Search code examples
apache-sparkstructudf

Spark Struct structfield names getting changed in UDF


I am trying to pass a struct in spark to udf. It is changing the field names and renaming to the column position. How do I fix it?

object TestCSV {

          def main(args: Array[String]) {

            val conf = new SparkConf().setAppName("localTest").setMaster("local")
            val sc = new SparkContext(conf)
            val sqlContext = new SQLContext(sc)


            val inputData = sqlContext.read.format("com.databricks.spark.csv")
                  .option("delimiter","|")
                  .option("header", "true")
                  .load("test.csv")


            inputData.printSchema()

            inputData.show()

            val groupedData = inputData.withColumn("name",struct(inputData("firstname"),inputData("lastname")))

            val udfApply = groupedData.withColumn("newName",processName(groupedData("name")))

           udfApply.show()
          }



             def processName = udf((input:Row) =>{

                println(input)
                println(input.schema)

                Map("firstName" -> input.getAs[String]("firstname"), "lastName" -> input.getAs[String]("lastname"))

              })

        }

Output:

 root
 |-- id: string (nullable = true)
 |-- firstname: string (nullable = true)
 |-- lastname: string (nullable = true)

 +---+---------+--------+
 | id|firstname|lastname|
 +---+---------+--------+
 |  1|     jack| reacher|
 |  2|     john|     Doe|
 +---+---------+--------+

Error:

[jack,reacher] StructType(StructField(i[1],StringType,true), > StructField(i[2],StringType,true)) 17/03/08 09:45:35 ERROR Executor: Exception in task 0.0 in stage 2.0 (TID 2) java.lang.IllegalArgumentException: Field "firstname" does not exist.


Solution

  • What you are encountering is really strange. After playing around a bit I finally figured out that it may be related to a problem with the optimizer engine. It seems that the problem is not the UDF but the struct function.
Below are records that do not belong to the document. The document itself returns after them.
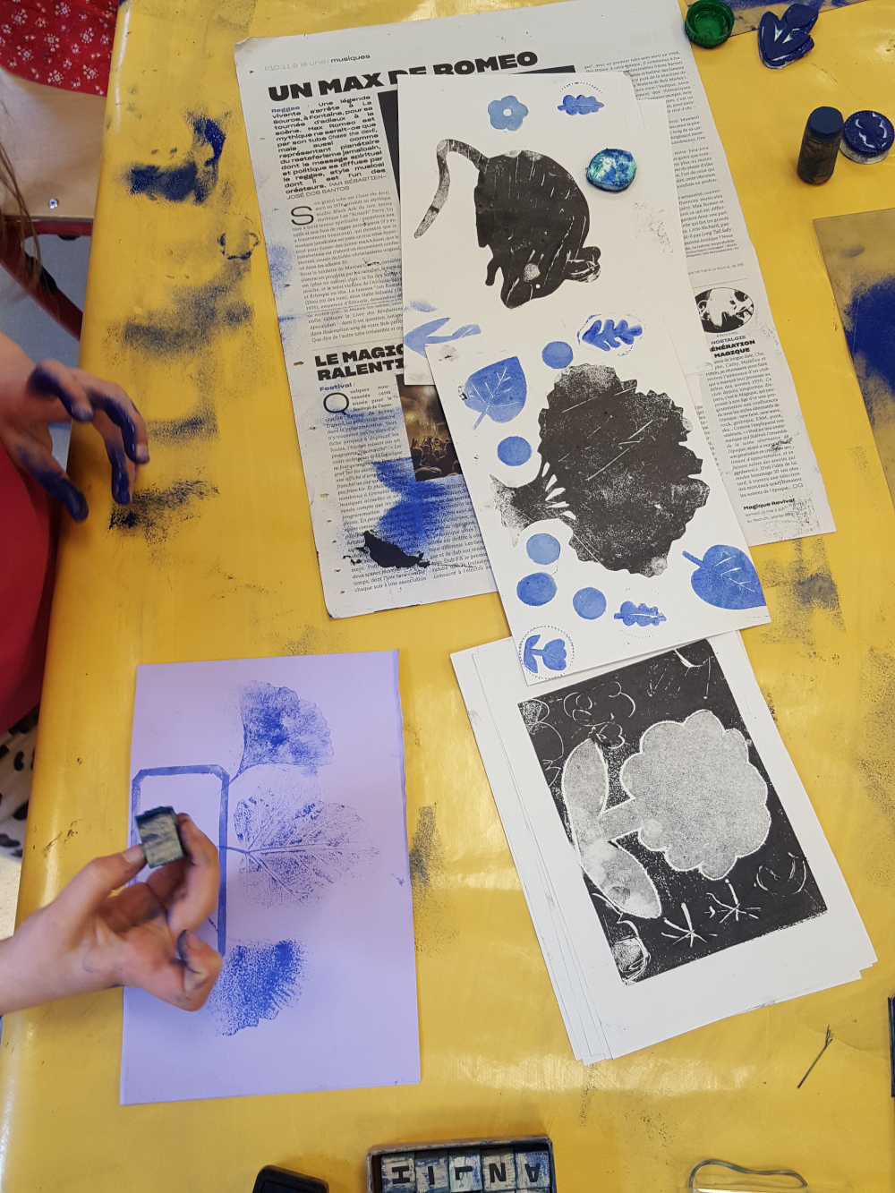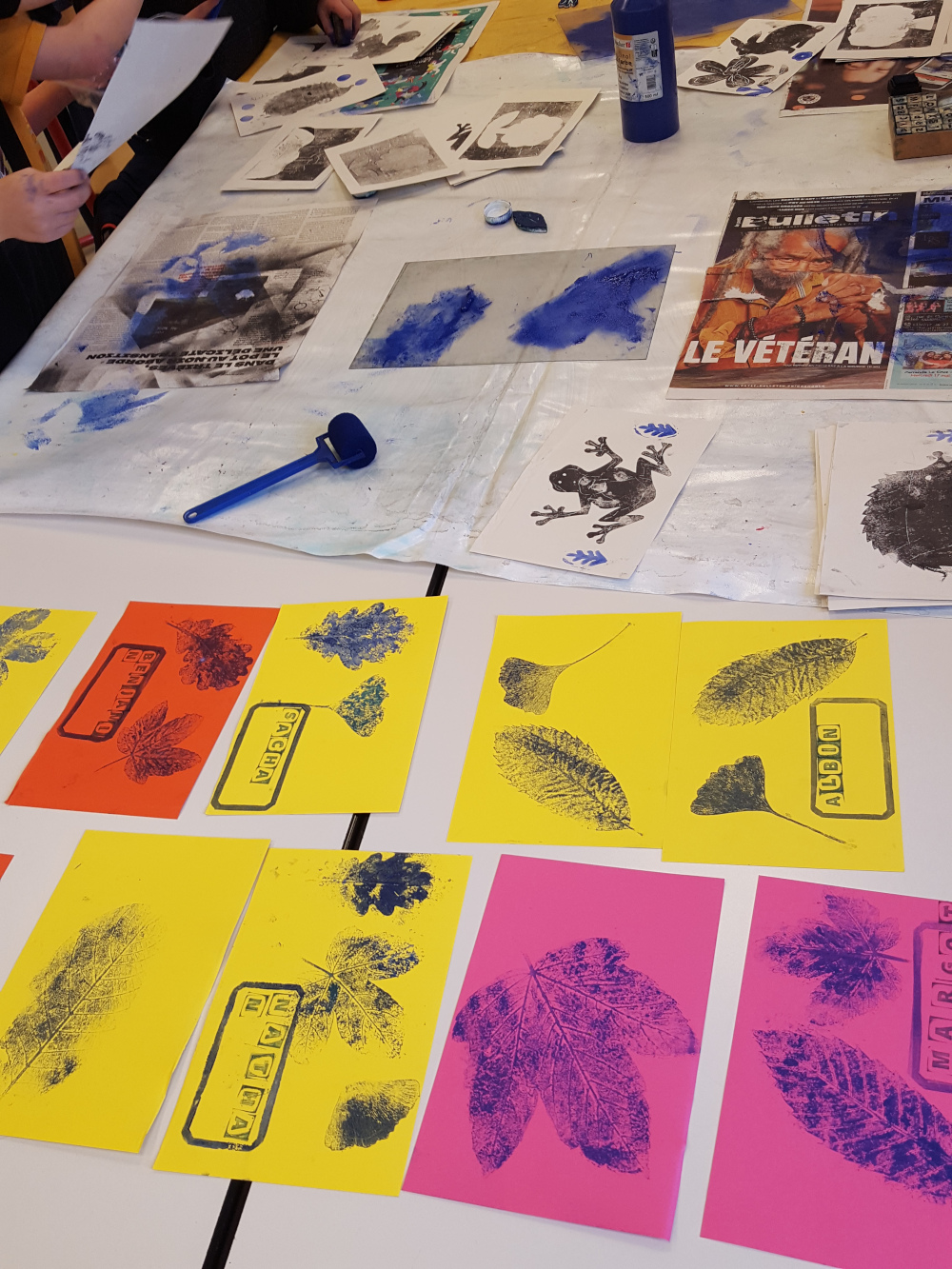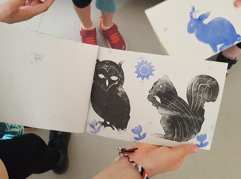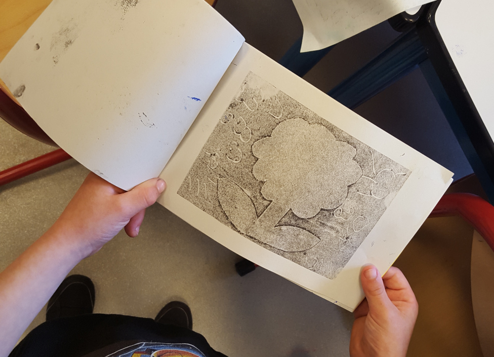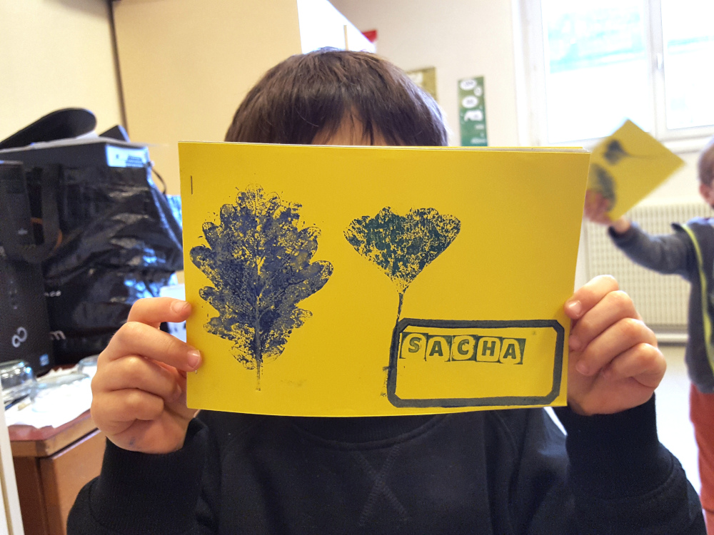élémentaire de la Ville de Grenoble Réalisation d'un petit livret en utilisant différentes techniques d'impression : monotypes, empreintes végétales, tampons, pochoirs.
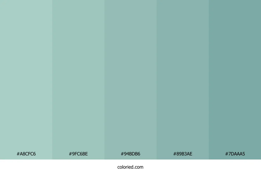 ![]() | #A8CFC6 | 168, 207, 198 | 166, 29%, 74% | 19%, 0%, 4%, 19% | oklch(0.824 0.043 180) |
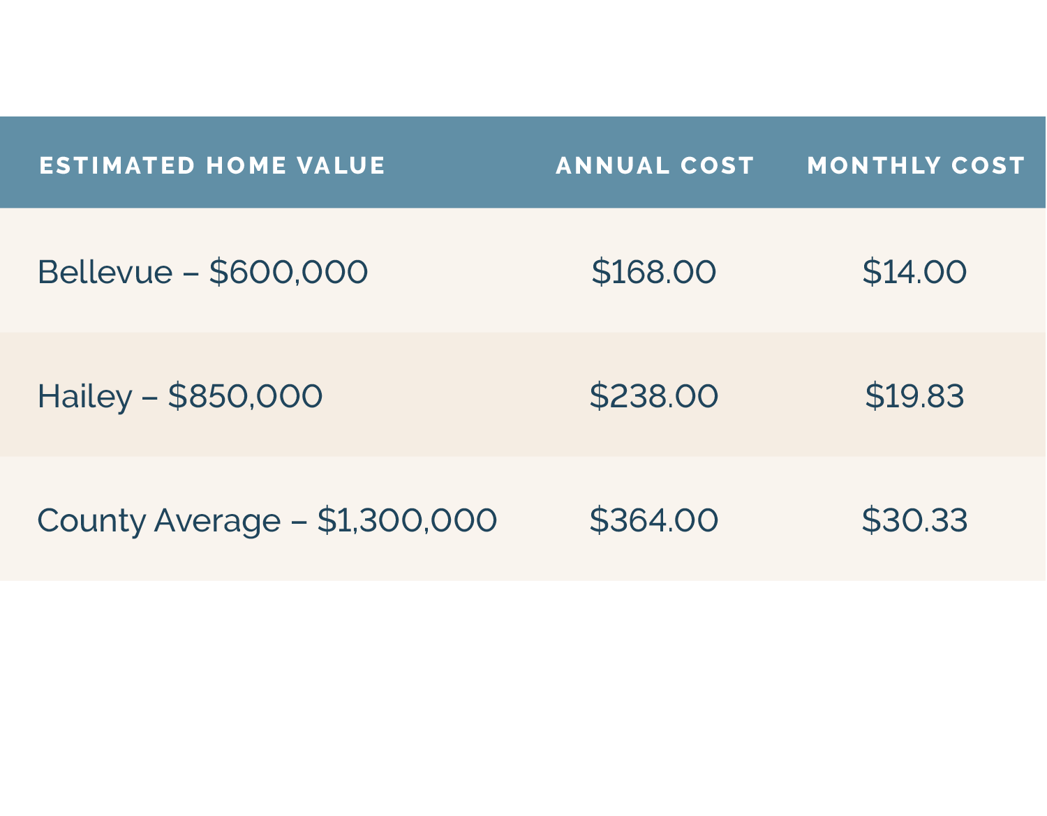 Estimated levy: $28 per $100,000 of taxable value (after Idaho Homeowner’s Exemption)
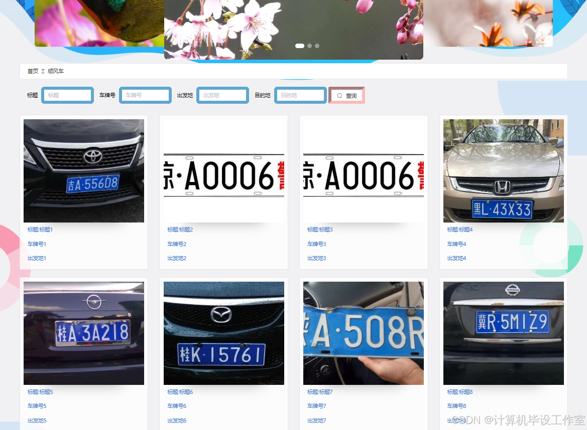 居民点击顺风车,在顺风车页面的搜索栏输入标题、车牌号、出发地、目的地,进行查询,然后可以查看标题、车牌号、车辆图片、出发地、目的地、账号、姓名、手机号码、发起时间,最后可以点击拼车等操作;如图5-4所示:
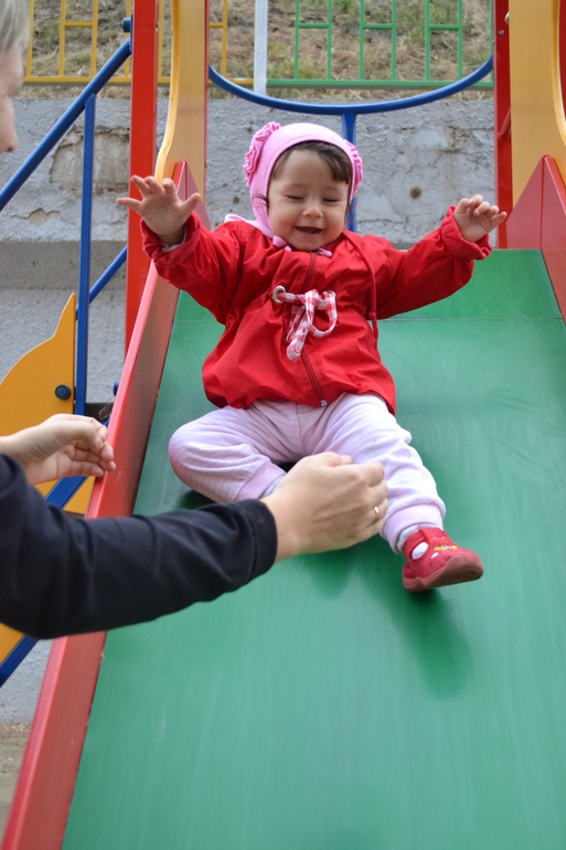 Спим 2 раза в день, до обеда и часа в 3 дня, гуляем часто, подолгу, очень любим лазать по лестницам, играть в футбол, качели, короче в коляске практически не сидим.
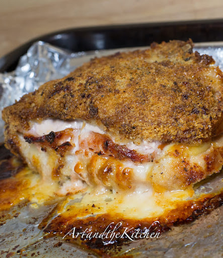 Transfer to baking pan with rack and continue baking in oven at 350 degrees until done. Approximately 30- 40 minutes. (depends on thickness of your pork chops)
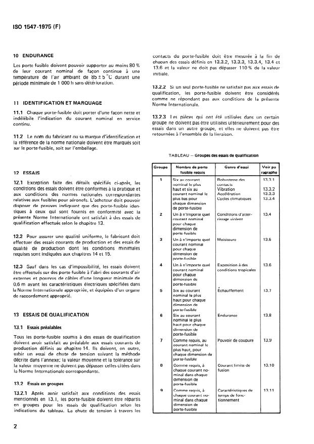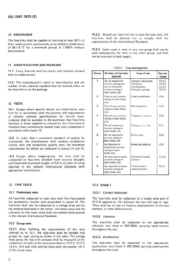 ISO 1547:1975 is a standard published by the International Organization for Standardization (ISO). Its full title is "Aircraft - Precision fuse-links - General requirements". This standard covers: Includes the requirements for these components for use in aircraft electrical systems having voltage and frequency characteristics conforming to ISO/R 222, at any ambient temperature from -65 to + 85 °C, and all altitudes from 0 to 24 000 m. Gives terminology, requirements for dimensions, temperature and altitude rating, current, voltage and breaking-capacity ratings, environment, temperature rise, time/current characteristics, endurance, identification and marking, tests, type tests, production routine test, production quality tests and a method of measurement of voltage drop.
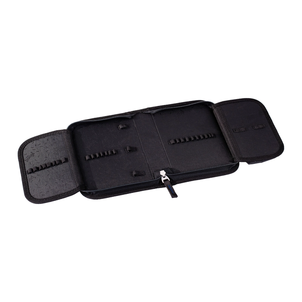 Udfoldeligt penalhus med to flapper, solid elastikholder til farver og YKK-lynlås. Pung med nakkestrop opbevarer sikkert kontanter og kort.
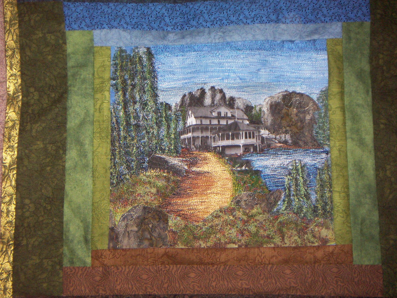 I have collected lots of lovely vintage glass plate negatives and film negatives. I have a scanner that can turn the negatives into positives. The first images I worked with were images of the Black Hills of SD taken in the 1920's. I selected about a half dozed of the negatives and worked with them via photoshop and then had the fabric printed at Spoonflower. This first series is black and white. The images on the fabric can be colored lightly with crayon and heat set. The resulting subtle coloring brings to mind the old hand tinted photos. I experimented with one image to see how well I could intergrate it into the art quilt. The image I chose is one of the old Sylvan Lake Lodge in Custer State Park, SD. The above photo shows the first sample. There a couple of other photos that show some of the varieyt of image and size that I have been experimenting with.
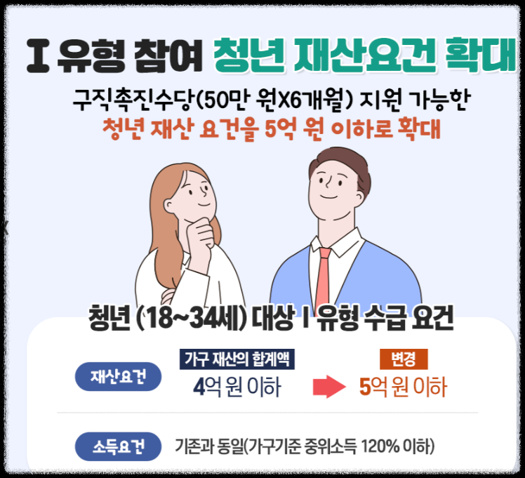 국민취업지원제도 신청 시 1 유형의 경우 소득과 재산 기준이 엄격히 적용됩니다. 가구단위 중위소득 60% 이하, 총 재산 4억 원 이하가 기본 조건이며 부동산, 자차, 금융자산까지 모두 포함됩니다. 1인 가구 기준 월 소득 약 125만 원 이하, 2인 가구는 약 208만 원 이하입니다.
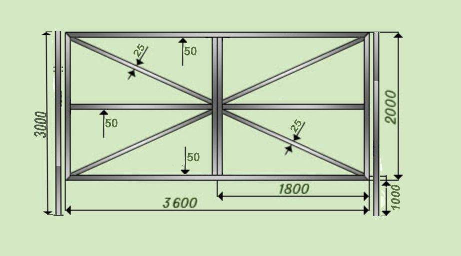 Перед изготовлением делается чертеж ворот с размерами
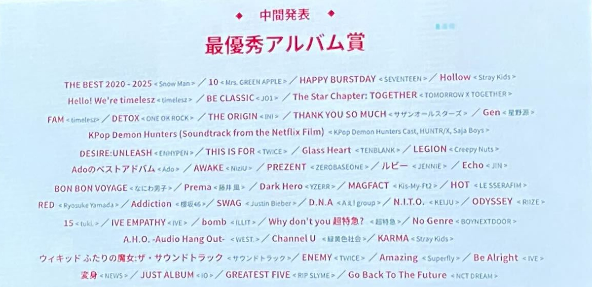 ※新設となる「最優秀ロングヒット賞(楽曲/アルバム)」は、2024年12月31日(火)までにリリースされた作品を対象とする。
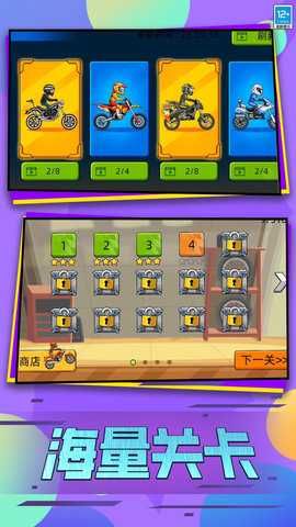 3、自定义摩托车:游戏支持玩家自定义摩托车的外观和性能,玩家可以根据自己的喜好和需求,打造属于自己的专属赛车,展示个性和风采。

    I get it to work (Spark 1.6.3) when I cache the groupedData, without caching I get your reported exception:

    import org.apache.spark.sql.Row
    import org.apache.spark.sql.hive.HiveContext
    import org.apache.spark.{SparkConf, SparkContext}
    
    
    object Demo {
    
      def main(args: Array[String]): Unit = {
    
        val sc = new SparkContext(new SparkConf().setAppName("Demo").setMaster("local[1]"))
        val sqlContext = new HiveContext(sc)
        import sqlContext.implicits._
        import org.apache.spark.sql.functions._
    
    
        def processName = udf((input: Row) => {
          Map("firstName" -> input.getAs[String]("firstname"), "lastName" -> input.getAs[String]("lastname"))
        })
    
    
        val inputData =
          sc.parallelize(
            Seq(("1", "Kevin", "Costner"))
          ).toDF("id", "firstname", "lastname")
    
    
        val groupedData = inputData.withColumn("name", struct(inputData("firstname"), inputData("lastname")))
          .cache() // does not work without cache
    
        val udfApply = groupedData.withColumn("newName", processName(groupedData("name")))
        udfApply.show()
      }
    }
    

    Alternatively you can use the RDD API to make your struct, but this is not really nice:

    case class Name(firstname:String,lastname:String) // define outside main
    
    val groupedData = inputData.rdd
        .map{r =>
            (r.getAs[String]("id"),
              Name(
                r.getAs[String]("firstname"),
                r.getAs[String]("lastname")
              )
            )
        }
       .toDF("id","name")